Appendix B: Additional Data and Analysis

[ Table of Contents ]

(A) Funding Sources for Canadian PELC Research

We were not able to do an exhaustive enquiry of potential funding sources, but obtained some information through an analysis of funding sources acknowledged in recent PELC publications (Table 1). Notably, almost half of the papers did not acknowledge any funding sources, though individuals and organizations were thanked for assistance. Most of these publications were reviews, guidelines, case reports, anecdotal or editorial in nature and would reasonably not require research funding, but there were also original clinical research studies and an RCT that appeared to have been conducted without external funding. (It is also possible that some authors omitted to acknowledge funding sources, but this is unlikely, since such an omission is considered unacceptable by funders nowadays).

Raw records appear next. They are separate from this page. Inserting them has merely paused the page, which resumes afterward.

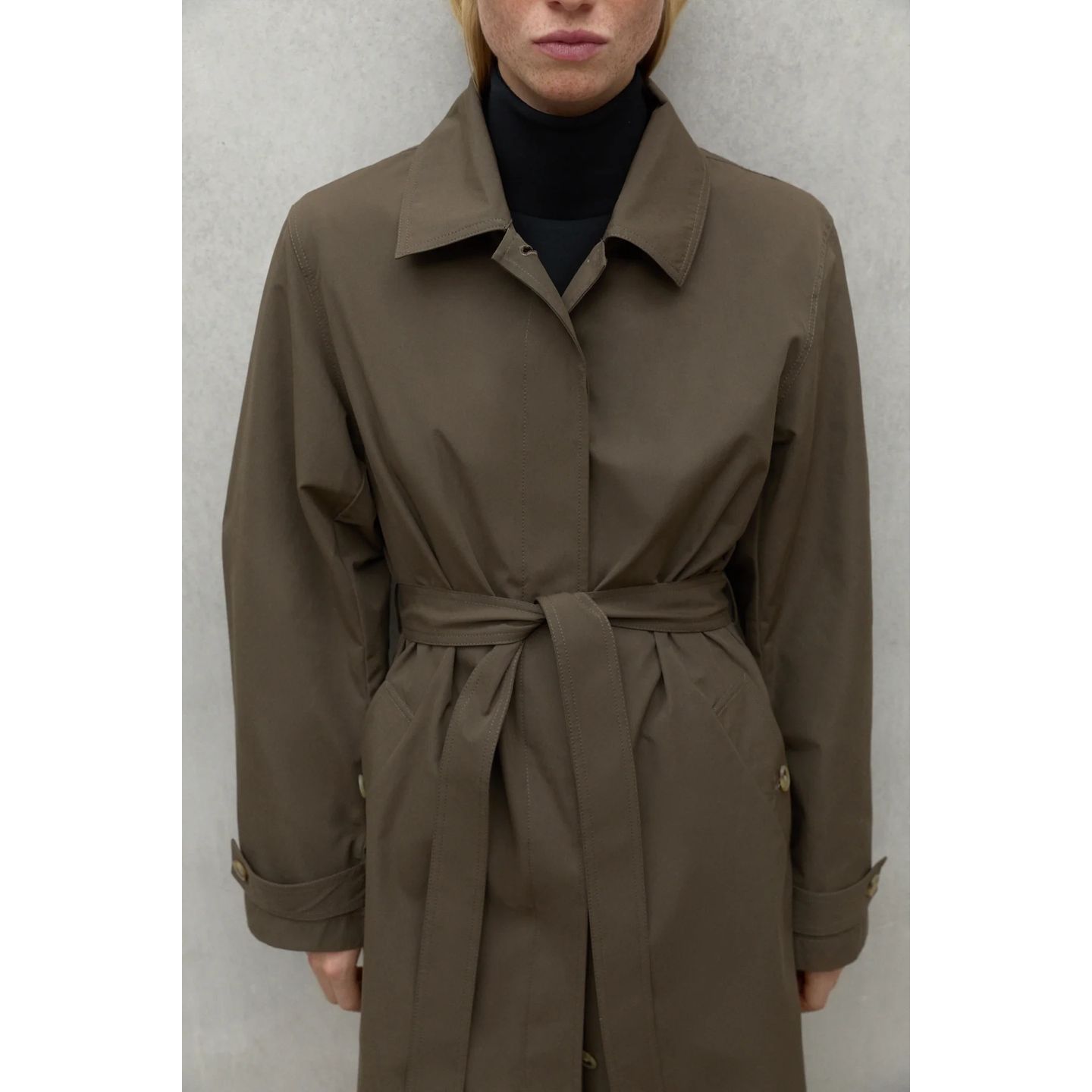 Taga jope on valmistatud 54% ümbertöödeldud polüestrist ja 46% mahepuuvillast, kahest jätkusuutlikust materjalist, mis toetavad ringmajandust. Jope on vetthülgav ja seda saab vöö abil taljeosas reguleerida; väga elegantne ja ajatu rõivaese.
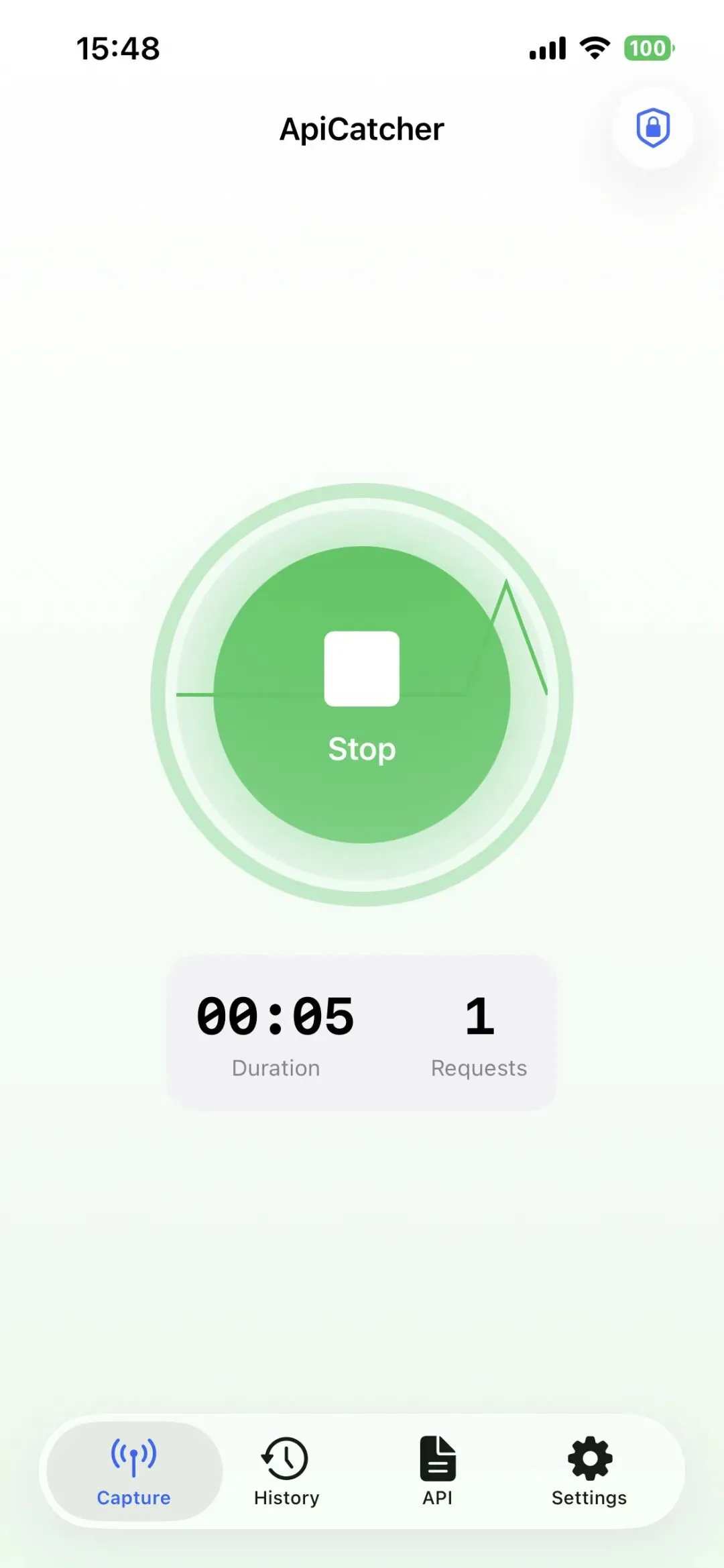 开始抓包就不能改各种配置了,所以把界面收拾干净,换开始后的关注数据。通过运行时间和抓到的请求数来反馈给用户。(支持后台抓包的,干掉进程重新进入计时和抓到的请求数据都会恢复)
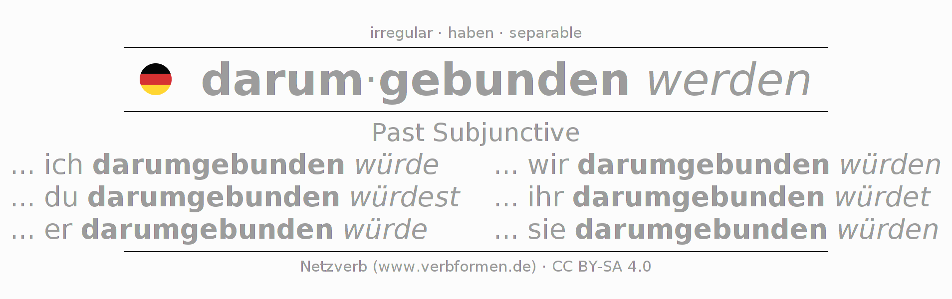 The conjugation of darumbinden in Subjunctive Imperfect Form of possibility Passive is ... ich darumgebunden würde, ... du darumgebunden würdest, ... er darumgebunden würde, ... wir darumgebunden würden, ... ihr darumgebunden würdet, ... sie darumgebunden würden.The conjugation corresponds to certain grammatical rules. Likewise the requirements for the conjugation of the simple verb forms of darumbinden in Imperfect Subjunctive. Comments ☆
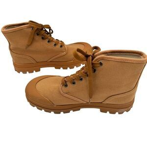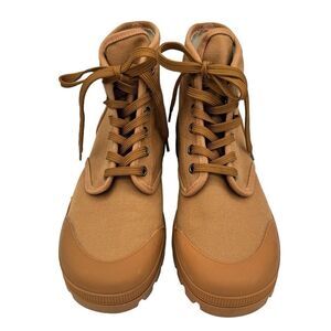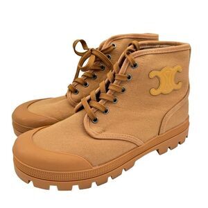 Celine Patapan Triomphe Tan Canvas Lace Up Short Boots Size 40
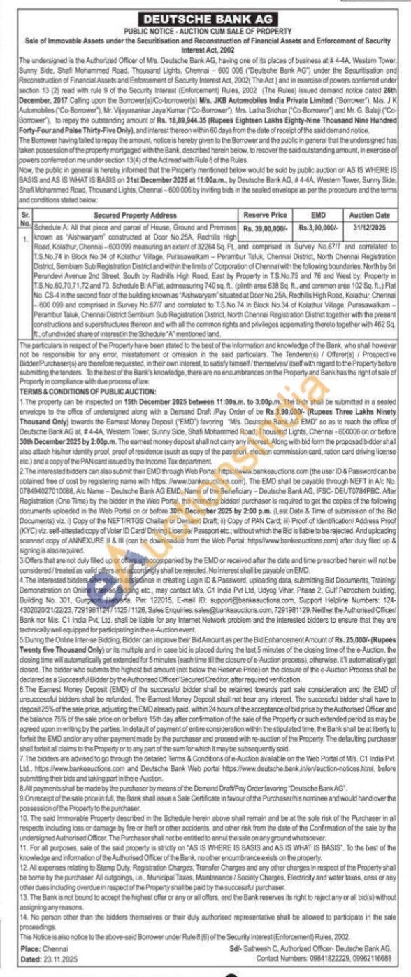 All that piece and parcel of House, Ground and Premises 1 known as "Aishwaryam" constructed at Door No.25A, Redhills High Road, Kolathur, Chennai-600 099 measuring an extent of 32264 Sq Ft., and comprised in Survey No 67/7 and correlated to TS. No.74 in Block No.34 of Kolathur Vilage, Purasawalkam-Perambur Taluk, Chennai District, North Chennai Registration District, Sembiam Sub Registration District and within the limits of Corporation of Chennai with the following boundaries: North by S Perundevi Avenue 2nd Street, South by Redhills High Road, East by Property in TS No.75 and 76 and West by: Property in T.S. No.60,70,71,72 and 73. Schedule B: AFlat, admeasuring 740 sq. ft., (plinth area 638 Sq. ft., and common area 102 Sq. ft.) Flat No. CS-4 in the second floor of the building known as "Aishwaryam" situated at Door No. 25A, Redhills High Road, Kolathur, Chennai 600 099 and comprised in Survey No 6717 and comelated to T.S.No.74 in Block No.34 of Kolathur Village, Purasawalkam Perambur Taluk, Chennai District Sembium Sub Registration District, North Chennai Registration District together with the present constructions and superstructures thereon and with all the common rights and privileges appernating thereto together with 462 Sq ft of undivided share of interest in the Schedule "A" mentioned land.
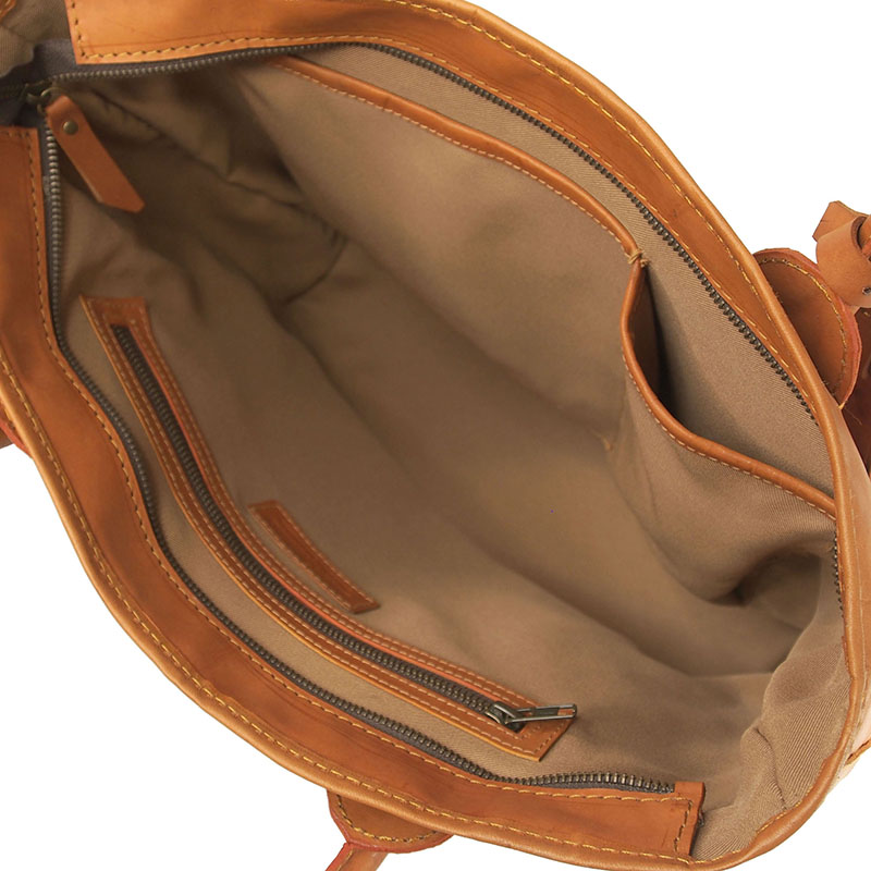 スマートフォンやパスケースなどを入れるのに丁度いいサイズの小さめポケットと、長財布や手帳も余裕で入るサイズの大きなフリーポケットが付いています。また、大事な鍵や小物をしまえるファスナー付きのポケットがあります。ファスナーは信頼のYKK製ファスナーを使用しています。さらに、ファスナー部分にもしっかりと周りを囲んで牛革のパイピングがされているので丈夫で安心です。カワノバッグのロゴを型押しした本革のプレートがついています。また、ハンドルには型押しのタグもついています。
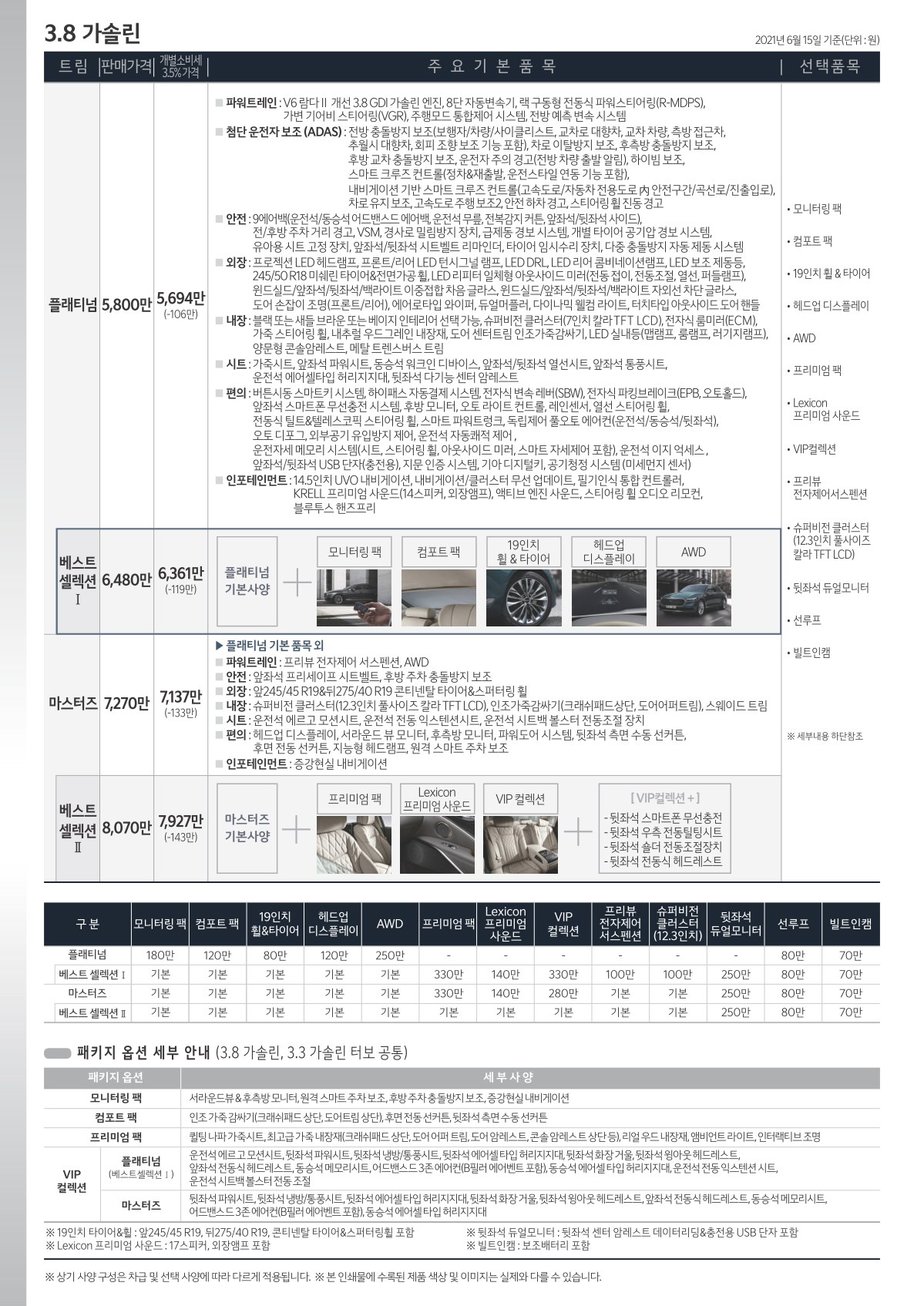 2020년 4월 K9 신차가격표 (2021년형 K9 출시 가격표)

Table 1 Funding Sources for Canadian PELC Research:
sample of 75 publications from 2005-09 where full-text versions could be analysed.
Publications with no funding sources acknowledged: 34
Where funding source acknowledged: 41
Federal government 26 36 %
CIHR 20
Canadian Health Services Research Foundation 3
Health Canada/PHAC 2
NSERC 1
Provincial government 10 14 %
provincial MOH or equivalent 7
provincial government health research agency 3
Institutional 14 19 %
local health authority/hospital/cancer agency 9
university 4
professional college 1
Health charity 18 25 %
local cancer foundation/charity 7
Canadian Cancer Society/NCIC 5
other health charities 6
Foreign 4 5 %
National Institutes of Health (USA) 3
Veteran's Admin. (USA) 1
Private sector 1 1 %
Multinational pharmaceutical co. 1
Total acknowledgements in 40 papers 73

Among the studies that acknowledged a funder, CIHR was the most frequently cited individual funder, both for operating and personnel support. Organizations and agencies with responsibilities for health care services and policy collectively accounted for about 25% of the acknowledgements, revealing a strong interest from the users of health research. Charitable sector support related mostly to cancer palliation. Support from industry was notable by its absence.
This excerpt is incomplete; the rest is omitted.